Ransomware attacks on government IT systems: One reason we need better software architecture

This story is from May 22, 2019, put out by Tim Pool of Subverse. There has been a spate of ransomware attacks on municipal governments, and in one case, the State of Colorado’s Dept. of Transportation (CDOT).

I’ve done a little research, looking for details about how this happened. The best I’m getting is that the governments that got infected didn’t keep their software up to date with the latest versions and patches. They also didn’t maintain good network security. That seems to be the way these ransomware attacks happen. However, in the case of the City of Baltimore, the attack method was different from those in the past. The infection appears to have been installed intentionally on the governments’ computers by someone, or some group, who got into their systems through some means, perhaps through a remote desktop capability that was left unsecured. It didn’t come in through an infected website, or through a viral e-mail that’s used as bait.
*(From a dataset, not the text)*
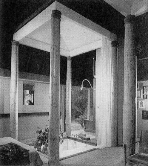 columns can also define a place, as they are in this house, below, by Charles Moore. In this case, the columns define the space for the bathtub in the larger room. It both defines the space and elevates the act of bathing to something important and ritualistic by setting it apart.
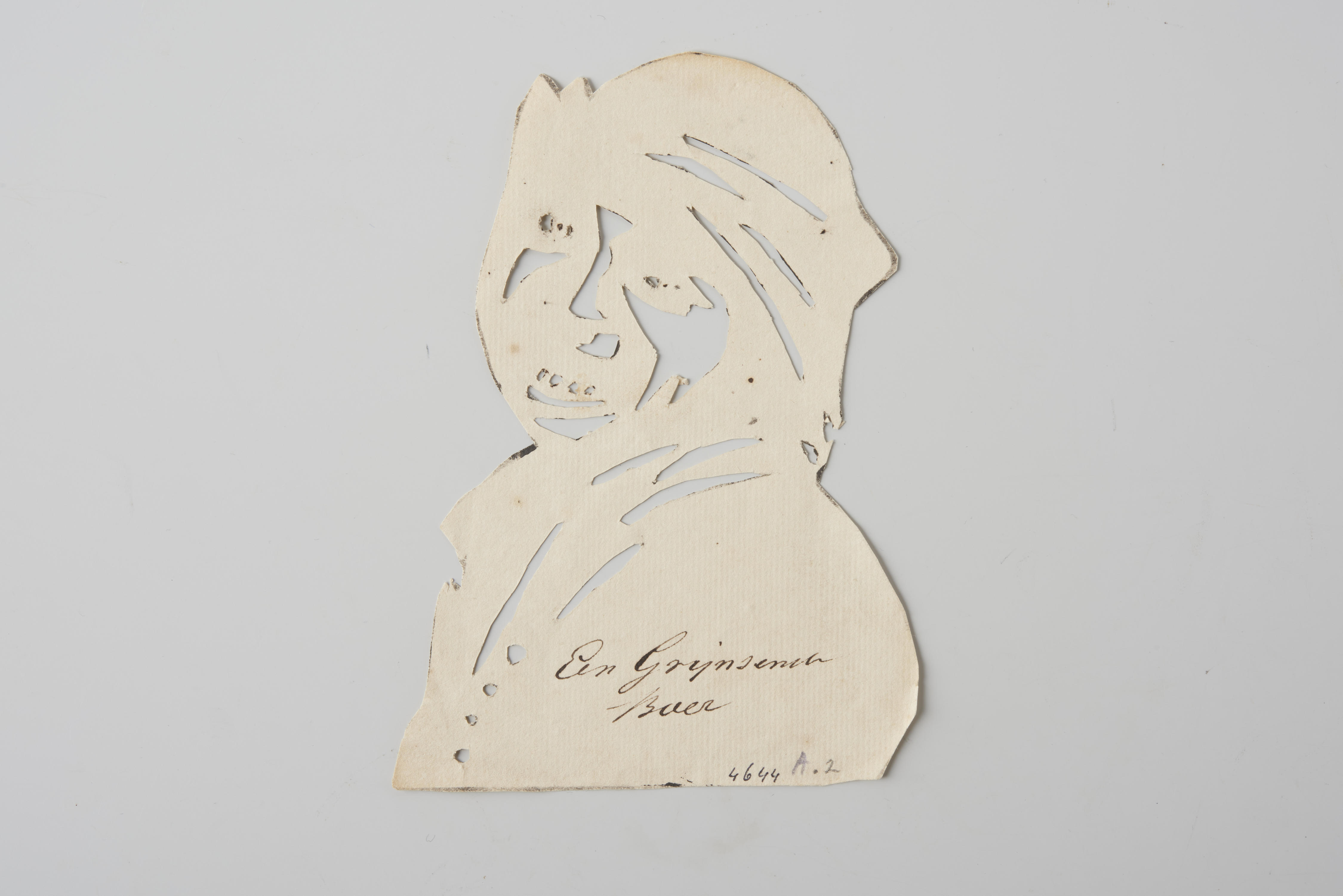 Coptografische voorstelling van een man. Het opschrift luidt: 'Een Grijnsende Boer'.

Baltimore’s out-of-date and underfunded IT system was ripe for ransomware attack – Baltimore Brew

Some time back, I got a tip from Alan Kay to look at Mark S. Miller‘s work (no relation) on creating secure software infrastructure, using object capabilities, in an Actor sort of way. It was educational, largely because he said that in the 1960s and ’70s, there were two schools of thought on how to design a secure system architecture. One was using access control lists (ACLs), based around user roles. The other was based around what’s been called “capabilities” (or “cap”). The access control list model is what almost every computer system now in existence uses, and it is the primary cause of the security vulnerabilities we’ve been dealing with for three decades.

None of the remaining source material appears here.